= Joseph Reinagle =

Music composer and cellist

Joseph Reinagle (1762 – 12 November 1825) was a music composer and popular cellist of the 18th century.

He was a contemporary of Joseph Haydn, with whom he performed as principal cello. He also wrote a guide to playing the cello.

==Biography==
Joseph Reinagle, the son of a German musician resident in England, was born in Portsmouth in 1762. He was the brother of Alexander Reinagle. He was at first intended for the navy, but became apprentice to a jeweller in Edinburgh. Then, adopting music as a profession, he studied the French horn and trumpet with his father, and soon appeared in public as a player of those instruments. Acting on medical advice, he abandoned the wind instruments, and studied the violoncello under Schetky (who married his sister), and the violin under Aragoni.

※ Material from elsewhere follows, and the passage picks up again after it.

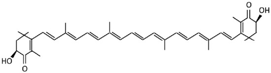 Carotenoid astaxanthin (AST) is a red-orange pigment primarily found in organisms, such as shrimp, algae, fish, and crustaceans, containing two oxygenated ends on each tail of the structure (Figure 1) [5,6]. This natural dietary carotenoid has a variety of functions, including antioxidant, anti-inflammatory, and antitumor properties [7,8,9,10]. Moreover, a previous study demonstrated that AST might be safe and well tolerated in rats [11].

He succeeded so well that he was appointed leader of the Edinburgh Theatre band. After appearing as a cellist in London, he went in 1784 to Dublin, where he remained for two years. Returning to London, he took a prominent position in the chief orchestras, and was principal cello at the Salomon concerts under Haydn, who showed him much kindness. Engaged to play at the Oxford concerts, he was so well received that he settled in the city and died there in November 1825, aged 62 or 63.

Reinagle was a very able violoncellist, and enjoyed a wide popularity. Nathaniel Gow was one of his Edinburgh pupils. He composed a good deal of music for violin, violoncello, and pianoforte, and wrote a Concise Introduction to the Art of playing the Violoncello (London, 1830), which went through four editions.

A son, Alexander Robert Reinagle, musician, born at Brighton on 11 August 1799, was from 1823 to 1853 organist of St. Peter's-in-the-East, Oxford, and died at Kidlington, Oxfordshire, where he was buried on 6 April 1877. He published Psalm Tunes for the Voice and Pianoforte (circa 1830), in which appears the tune 'St. Peter,' widely used, and included in most church collections of the late nineteenth century.